In 1978, the California Legislature passed statutes that were supposed to codify the Pitchess decision. But over the course of 40 years, the Pitchess statutes were interpreted more and more in a manner that infringed upon the constitutional mandate of Brady. Defendants were required to reveal their theory of defense to win a Pitchess motion. Requests made by media about police misconduct led to decisions holding that even the names of disciplined officers were confidential. And the Pitchess statutes were held to apply equally to prosecutors. ALADS is the latest in a series of cases that have slowly eroded away the ability of prosecutors to investigate the credibility of members of their own prosecution team.
The California Supreme Court will hear oral arguments in the ALADS on June 5. The court must fix this constitutional crisis. The Pitchess statutes must allow a prosecutor to affirmatively review an officer's personnel file for Brady material. At minimum, the statutes must allow police agencies to provide Brady lists to prosecutors.

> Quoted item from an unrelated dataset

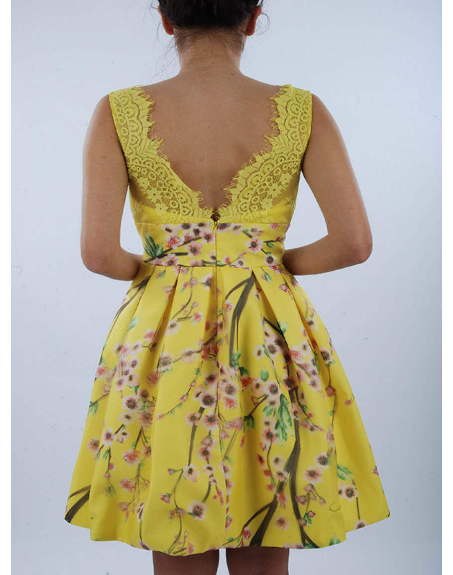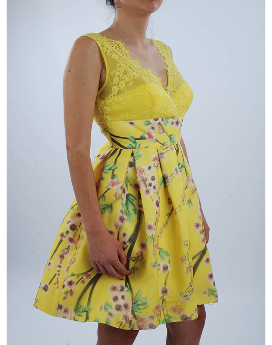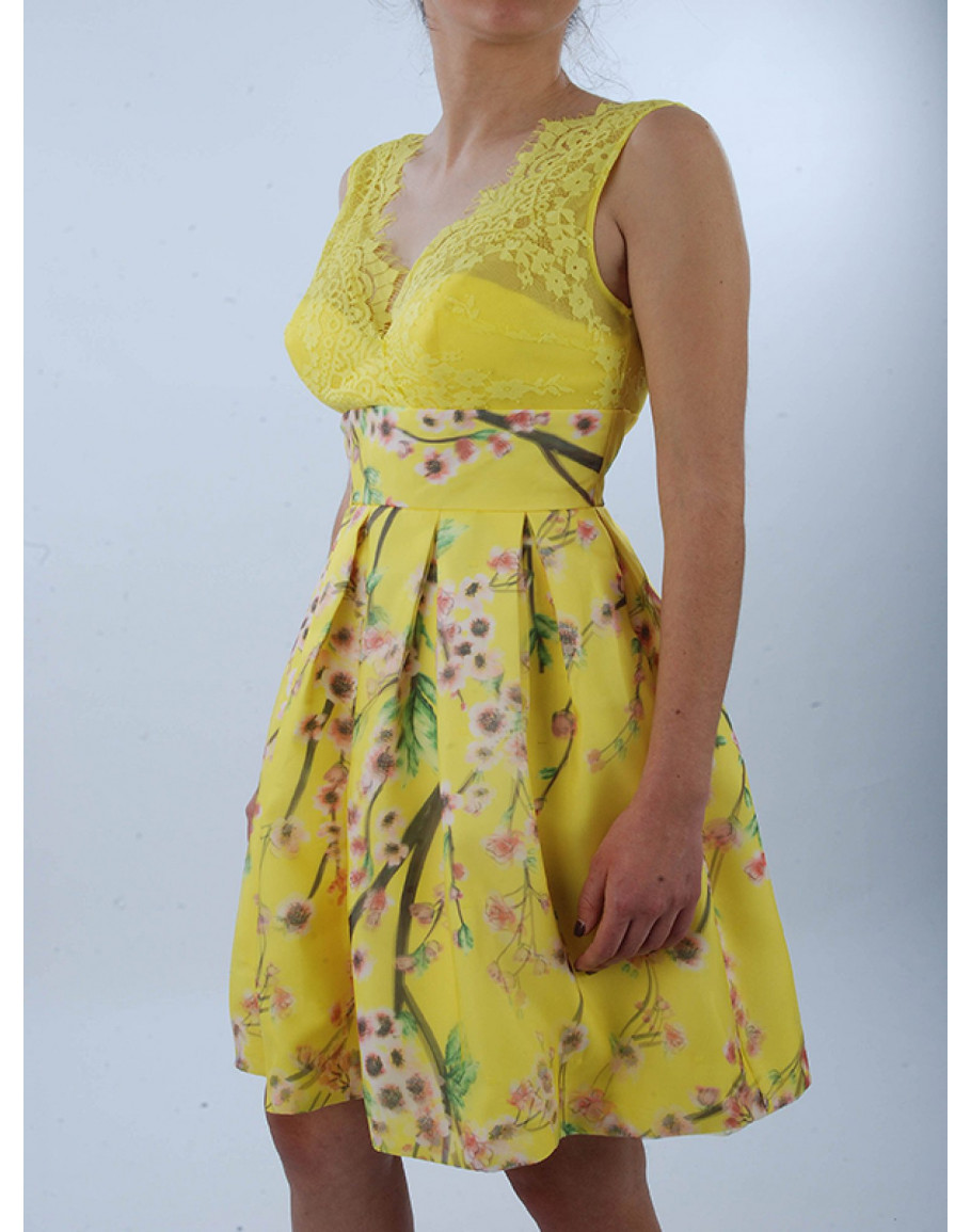 Κοντό φόρεμα με σχέδιο λουλούδια και δαντέλα στο πάνω μέρος.
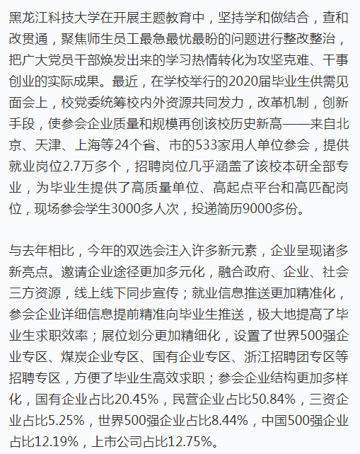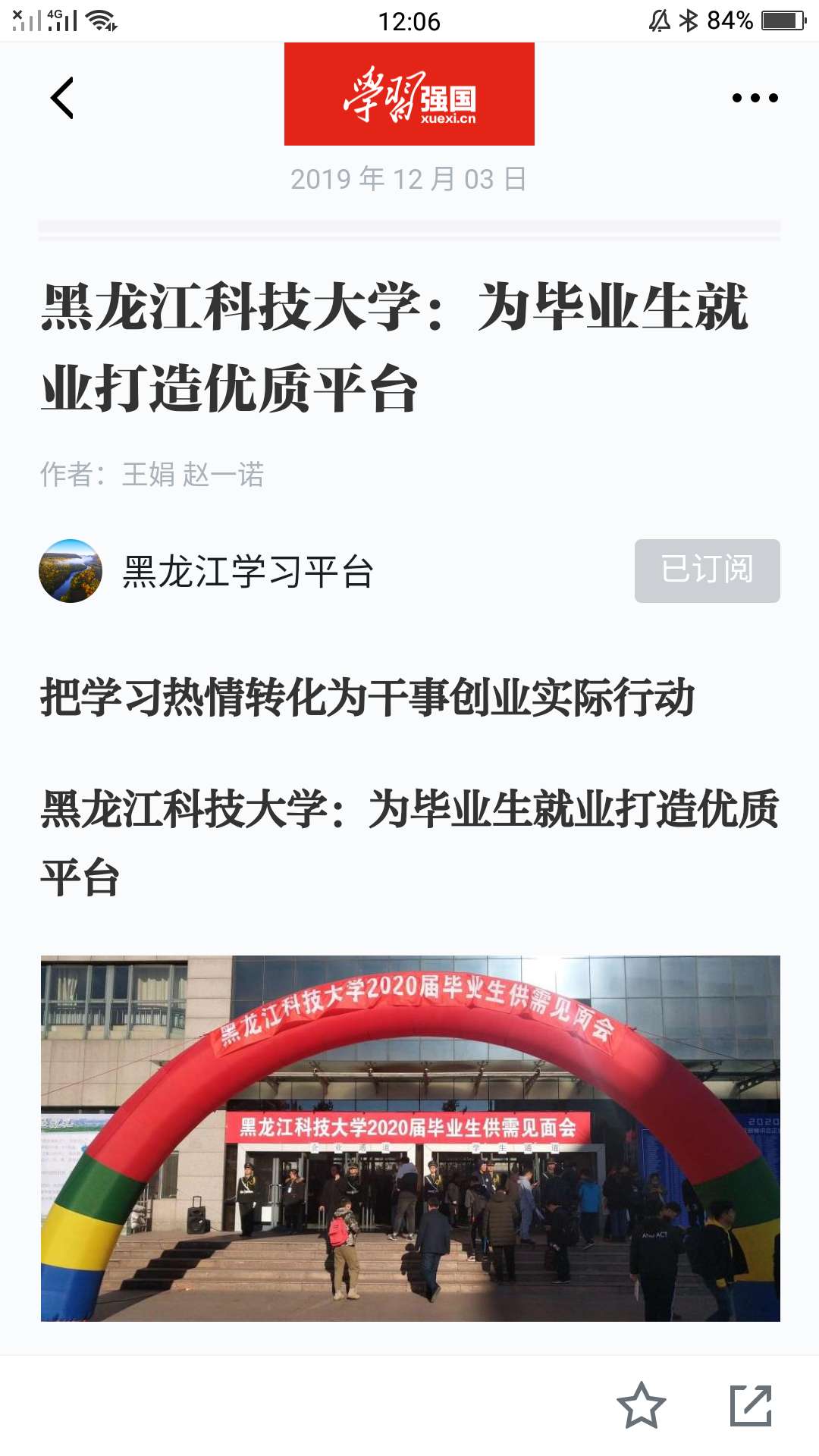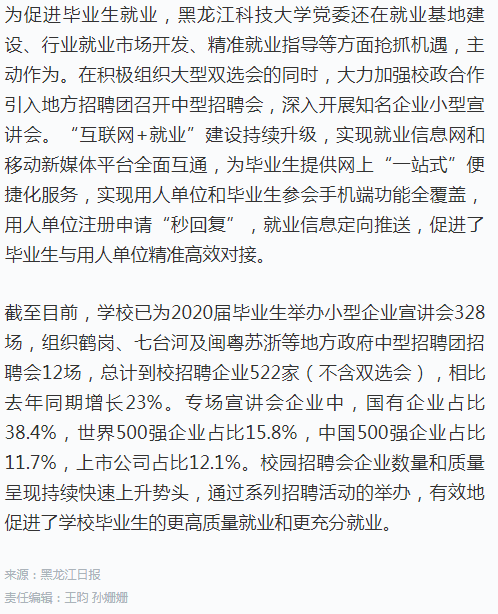 12月3日,黑龙江日报联合黑龙江学习平台联合报道《米兰官网平台:为毕业生就业打造优质平台》,“学习强国”平台进行了同步转发。

If such an interpretation is impossible, the supremacy clause requires the court to strike down the Pitchess statutes as unconstitutional.
In the age of viral videos, public support for law enforcement transparency is at an all-time high. Recognizing this, the Legislature recently modified the Pitchess statutes to remove the "confidentiality" designation from certain categories of egregious officer misconduct -- but the changes do not cover all behavior that should be disclosed under Brady, and it is unclear whether the changes are retroactive. Even so, these changes reflect the Legislature's view that officers' privacy interests are not paramount to all others and support the reversal of ALADS.
ALADS threatens the integrity and finality of California criminal proceedings. The decision unfairly undermines the public's trust in well-meaning prosecutors and officers who just want to do their jobs. Law enforcement agencies want to share with prosecutors their Brady lists, if only the courts would let them. The California Supreme Court should hold that the Pitchess statutes allow -- and the U.S. Constitution requires -- them to do so.